Pôle Nord

Pyramiden, cité abandonnée et présence russe dans l'Arctique norvégien

  • Publié le 12 février 2022 à 12:59
  • Actualisé le 12 février 2022 à 15:01

Buste de Lénine, Palais de la culture, bureaux du KGB... Pyramiden est un vestige d'utopie de l'Union soviétique mais Moscou tient à sa cité minière abandonnée dans l'Arctique, région devenue une priorité stratégique pour le Kremlin.

L'Arctique: la Russie espère y devenir la première puissance militaire et économique profitant des retombées financières du passage du Nord-Est, route maritime entre l'Europe et l'Asie qui se développe avec le recul des glaces. Et de même que dans les eaux gelées du Nord elle fait naviguer une flotte de brise-glaces nucléaires, elle garde à l'Ouest un pied dans l'archipel norvégien du Svalbard (Spitzberg), zone démilitarisée très loin au-dessus du cercle polaire.

S'il a attribué à la Norvège - aujourd'hui membre de l'Otan - la souveraineté sur l'archipel, le traité de Paris de 1920 prévoit que tous les Etats signataires - dont l'URSS à l'époque - peuvent s'y livrer à des activités économiques.

Depuis 1931, dans le village de Barentsbourg, une communauté minière russe extrait ainsi du charbon des mines de la compagnie Arktikougol.

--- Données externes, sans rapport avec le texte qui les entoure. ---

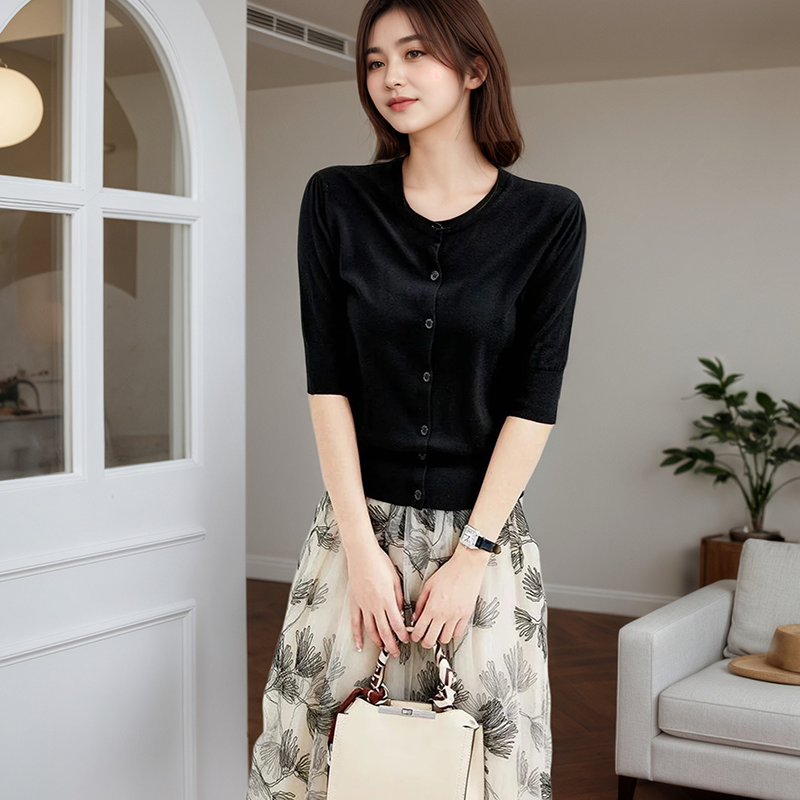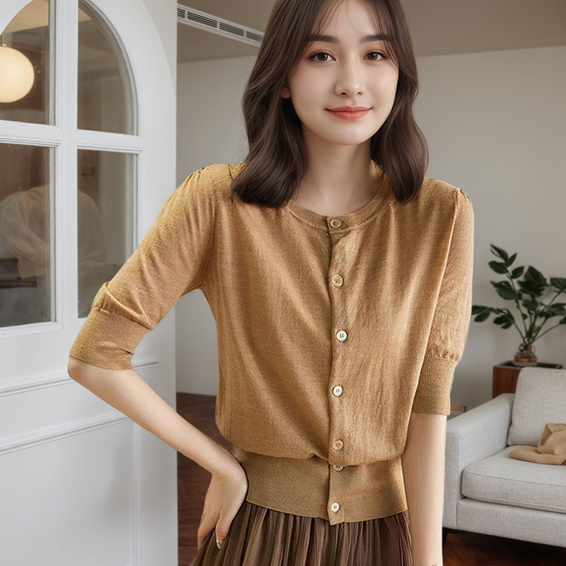 蓝色泡泡袖针织开衫外套女夏季新款高级感收腰显瘦小香风短款上衣

Dans celui de Pyramiden, l'activité a cessé en 1998 faute de rendement et les mineurs sont partis.

A première vue, c'est un village fantôme. Pas d'habitants hormis une poignée de Russes qui font tourner un hôtel à la mode très soviétique et des ours polaires face à qui on peut se retrouver nez-à-nez.

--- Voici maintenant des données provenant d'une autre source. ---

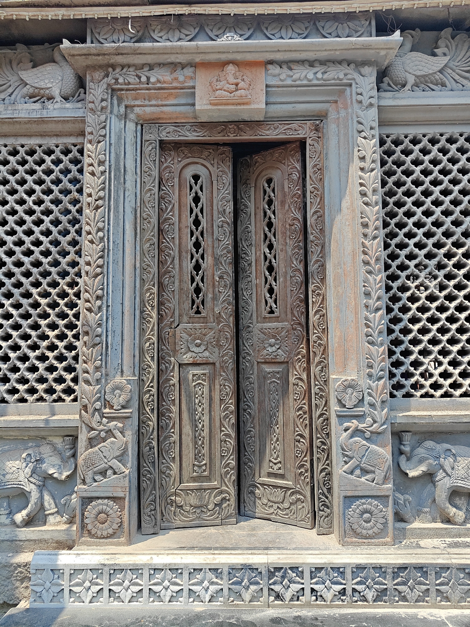 The image presents a weathered, intricately carved wooden double-leaf door, slightly ajar, set within a highly ornate stone facade. This structure is located in Kolhapur, India. The wooden door panels feature extensive floral and geometric carvings, incorporating vertical perforated sections. The door is framed by carved stone pilasters adorned with continuous leafy scrollwork and circular floral medallions. At the base of the frame, two stone reliefs depict decorated elephants with raised trunks, positioned on a patterned stone plinth exhibiting a repeating floral motif. Rectangular stone jali (lattice) panels, each with a dense, repeating quatrefoil pattern, flank the door on both sides. Above the doorway, a central deity figure, consistent with Hindu iconography, is carved into the lintel, flanked by detailed floral patterns. On the outer corners of the lintel, two peacocks with fanned tails are carved, facing inward. The entire structure displays erosion and discoloration consistent with outdoor exposure and age. No individuals or discernible activities are present within the frame.

Mais si tout est obsolète, rien n'est détruit, a constaté un photographe de l'AFP. Les bâtiments, construits pour durer, sont juste lézardés par des décennies de rudes hivers. Les rails du funiculaire, qui descendait les wagonnets de la mine, sont toujours accrochés à la montagne en forme de pyramide qui surplombe le village. Dans les bâtiments, c'est comme si les occupants étaient partis soudainement, prêts à revenir d'un moment à l'autre.

Dans les bureaux de l'administration, des fioles de minerai sont alignées dans les vitrines, des calendriers accrochés aux murs. Dans ceux du KGB, aux portes blindées, des fiches de mineurs sont étalées sur les tables. Dans les salles de cours, les dessins des enfants sont punaisés et la tasse du maitre traine encore sur sa chaire.

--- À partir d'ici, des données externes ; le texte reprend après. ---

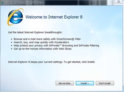 Ahogy ez az előző Internet Explorer megjelenésekor is történt, a Microsoft azoknak a felhasználóknak, akik nem szeretnék frissíteni a meglévő böngészőjüket az új verzióra, elérhetővé tesz egy alkalmazást, az IE 8 Blocker Toolkit-ot, ami megakadályozza majd, hogy az új kiadás feltelepüljön a számítógépükre.

"Pyramiden est aussi importante que (les îles de) Groumant et (le village de) Barentsbourg, ce n’est pas uniquement un endroit de mémoire historique. Ce village n’est pas abandonné, il a été temporairement mis en veille", affirme à l'AFP le vice-directeur de l’Institut de recherches scientifiques russe de l’Arctique et de l’Antarctique à Saint-Pétersbourg Iouri Ougrioumov.

Dans les années 1960-1980, Pyramiden a compté jusqu'à 1.200 Russes. Y être envoyé était considéré comme une récompense pour un mineur, explique un guide à l'AFP.

Située du côté occidental du rideau de fer, le village faisait alors figure de cité soviétique idéale, autosuffisante avec ses élevages de cochons et puissante avec son Palais de la culture, son cinéma de 300 places, sa piscine, son gymnase et son hôpital.

Aujourd'hui, la Russie y développe tourisme et recherches. Arktikougol a lancé sa compagnie touristique, et glaciologues, hydrologues, océanologues y mènent des travaux scientifiques. "Ici, il y a l’espoir d’un avenir intéressant", affirme M. Ougrioumov, également chef de l’expédition arctique russe sur l’archipel.